© Springer Science+Business Media New York 2015
Lisa A. Newman and Jessica M. Bensenhaver (eds.)Ductal Carcinoma In Situ and Microinvasive/Borderline Breast Cancer10.1007/978-1-4939-2035-8_55. Molecular Markers in DCIS
(1)
Saint Louis University School of Medicine, 3635 Vista Avenue, DT—3rd Floor, 63110 St. Louis, MO, USA
(2)
Department of Surgery, Saint Louis University School of Medicine, 3635 Vista Avenue, DT—3rd Floor, 63110 St. Louis, MO, USA
Keywords
DCISMolecular subtypesEstrogen receptorHer2/neu p53p16Ki-67Biological markersIntroduction
Ductal carcinoma in situ (DCIS) includes a heterogeneous group of noninvasive breast malignancies with a variable potential for evolution. It is characterized by a proliferation of malignant epithelial cells that are confined to the duct without invasion through the basement membrane into the surrounding stroma [1]. When it was initially recognized as a distinct clinical entity during the first half of the twentieth century, DCIS accounted for only 1–2 % of newly diagnosed breast cancers. Since it generally presented as a large palpable mass, mastectomy was accepted as the standard of care and was routinely curative [2]. Due to improvements in both quality and consistency of mammographic screening, the incidence of DCIS has continued to increase and it now accounts for approximately 20 % of all breast cancer diagnoses [3]. DCIS is also able to be detected at an earlier stage with overall smaller tumor burden. These advances have led to the widespread use of breast conservation therapy for women with DCIS who are appropriate candidates.

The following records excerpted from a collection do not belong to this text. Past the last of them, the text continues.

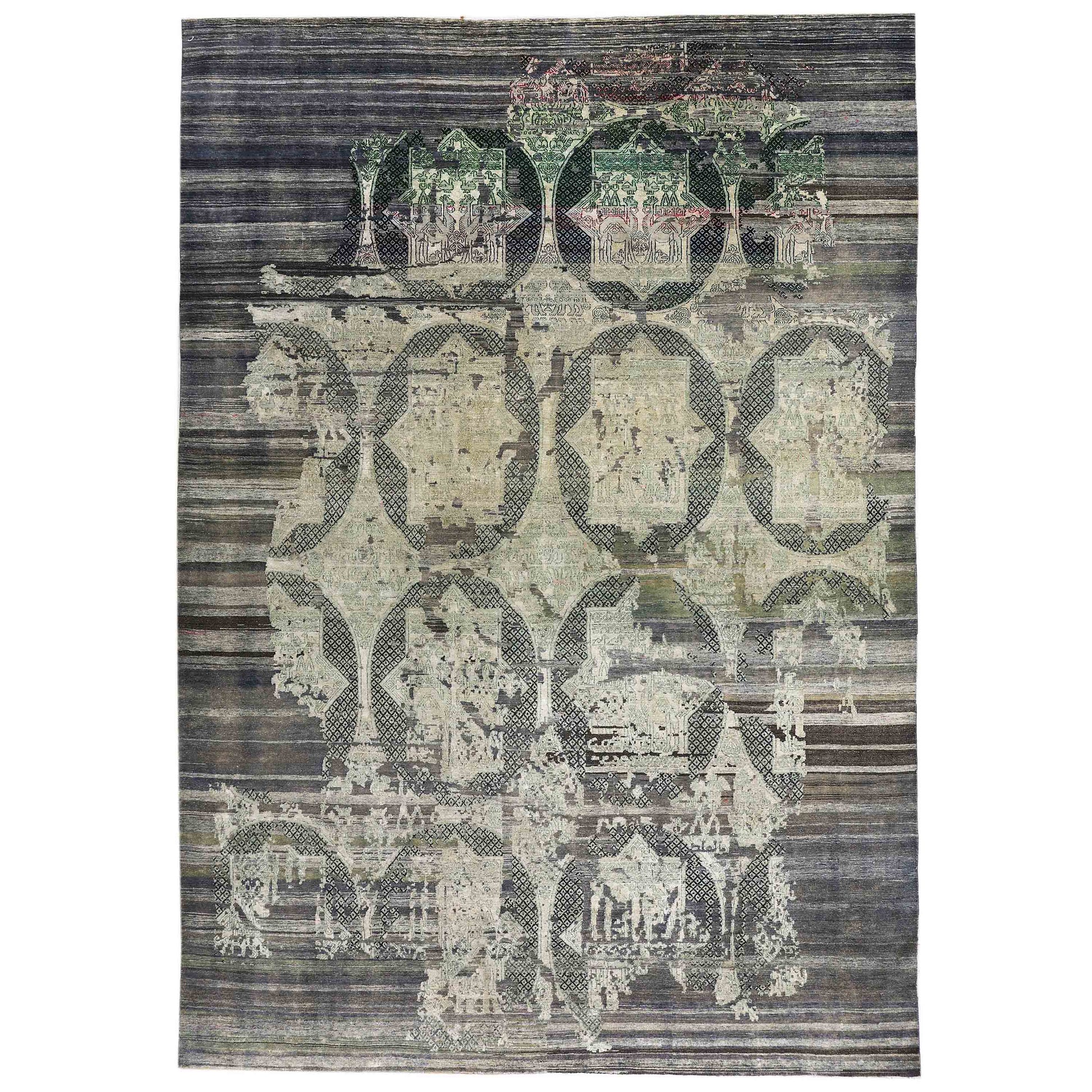 Transtional Silk & Wool Grey Handknotted Rug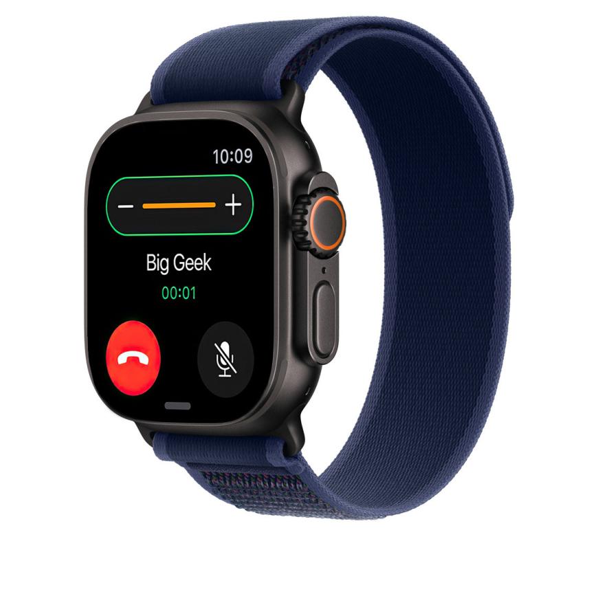 Браслет Apple Trail Loop, синий с чёрной пряжкой, для Apple Watch 44, 45, 46 мм и Ultra 2–3 (дизайн 2024) Нейлоновый браслет «Тропа» с текстильной застёжкой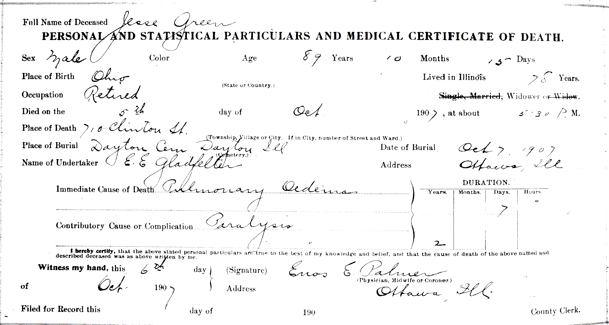 Jesse Green, the oldest resident of La Salle county, died at the Ryburn hospital on Saturday evening, October 5, after an illness of several months, and had he lived until Dec. 21 he would have been ninety years of age. Mr. Green was born in Newark, Ohio, Dec. 21, 1817. In 1849 in company with forty-eight others he started for California, leaving here April 2 and reaching his destination September 2. He remained in California two years and then returned to La Salle county and has resided here ever since, the greater portion of the time being spent at Dyton [sic].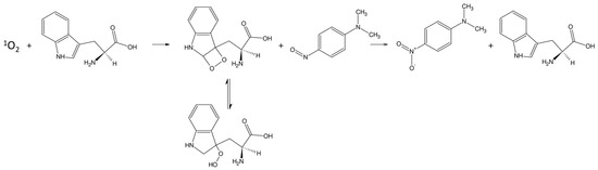 Considering that Star3600_Hg acts as an efficient sensor towards l-Trp creating a stable complex, and that l-Trp is potentially able to be an intermediate in the photo-oxidation mechanism, the features of both Star3600_Hg and l-Trp were investigated to determine the degradation of polypeptides containing l-Trp. In the supposed degradation mechanism, Star3600_Hg acts as a singlet oxygen source, while l-Trp serves both as a molecular target and as the singlet oxygen receptor. This interaction generates a peroxide species analogous to the mechanism observed with imidazole [52], capable of oxidizing the RNO system (Figure 6). Similarly, with the same mechanism, the system could be used to oxidize/damage the Trp-containing polypeptide. To validate this hypothesis, singlet oxygen detection experiments were conducted using l-Trp as the singlet oxygen intermediate receptor in place of imidazole.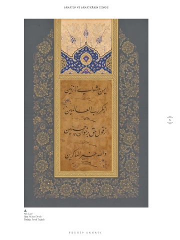 SANATIN VE SANATKÂRIN İZİNDE 89 Ta‘lik şiir. Hat: Hulusi Efendi Tezhip: Faruk Taşkale TE ZHİP S ANA TI
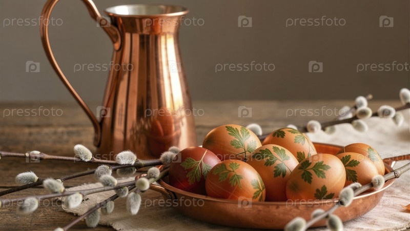 Праздничные пасхальные украшения с крашенными вручную яйцами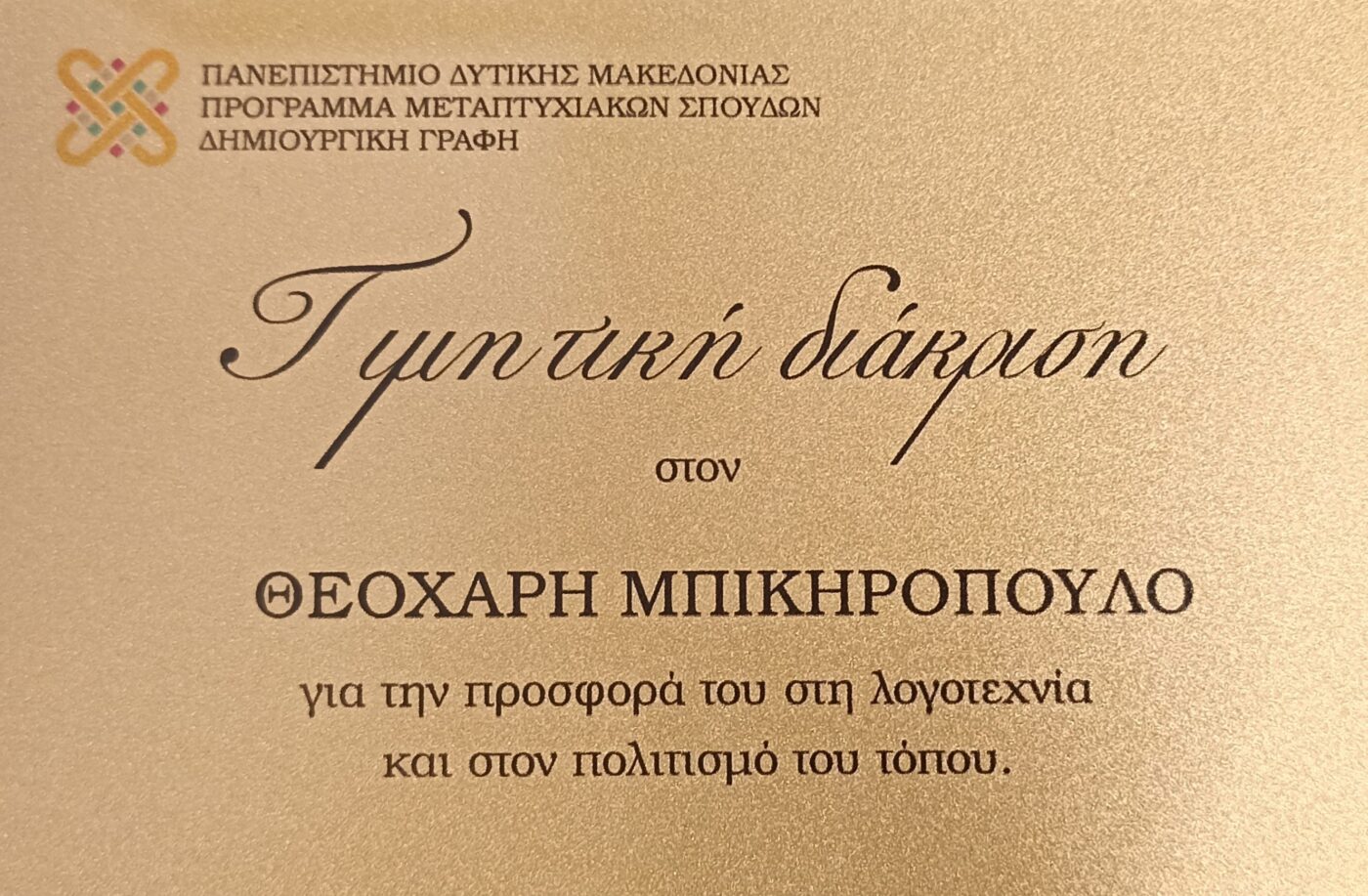 >Κατά την ολοκλήρωση της εκδήλωσης απονεμήθηκε στον συμπολίτη μας πλακέτα «Τιμητικής διάκρισης για την προσφορά του στη λογοτεχνία και τον πολιτισμό του τόπου».
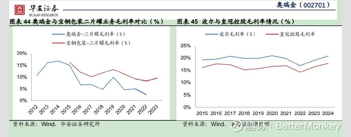 从合理利润率来看确实是一眼便宜了,就等年底谈价了,战略上来看似乎是通过三片罐20%以上毛利率的优势在二片罐上打价格战然后收购竞争对手,从宝钢包装和奥瑞金在问询函回复中披露的数据看,2019~2022奥瑞金三片罐毛利率31.7%32.4%26.3%22.6%,包钢包装彩印铁(马口铁)2020~2023毛利率10.3%10.5%5%1.94%,可能品类差异,奥瑞金三片罐成本和单价均高于宝钢彩印铁;二片罐奥瑞金2019~2022毛利率9.93%4.57%4.9%3.61%,包钢包装2020~2023毛利率11.18%9.25%8.23%9.48%,二片罐上两家成本差不多,奥瑞金单价明显低于同行,所以说主动价格战的其实是奥瑞金,目的是收购做大二片罐,现在收购完成了,也该提价恢复合理利润了查看图片

Early studies conducted following the institution of breast-conserving surgery for DCIS showed a local recurrence rate of approximately 25 % in women who did not undergo adjuvant radiation therapy with half of these recurrences presenting as invasive disease [4–8]. Although the use of adjuvant radiation and endocrine therapy have substantially decreased the local recurrence rate in these women, our understanding of the pathophysiology of DCIS and the factors involved in its progression to invasive disease is still unclear. Developing a mechanism that can better classify DCIS subtypes that are more likely to progress to invasive disease would greatly enhance individualization of management strategies by assisting in both reducing overtreatment of less concerning lesions and identifying those patients who should be treated more aggressively. The study of the biologic features and molecular markers of DCIS that could offer accurate prognostic information and ultimately provide treatment guidelines is of paramount importance.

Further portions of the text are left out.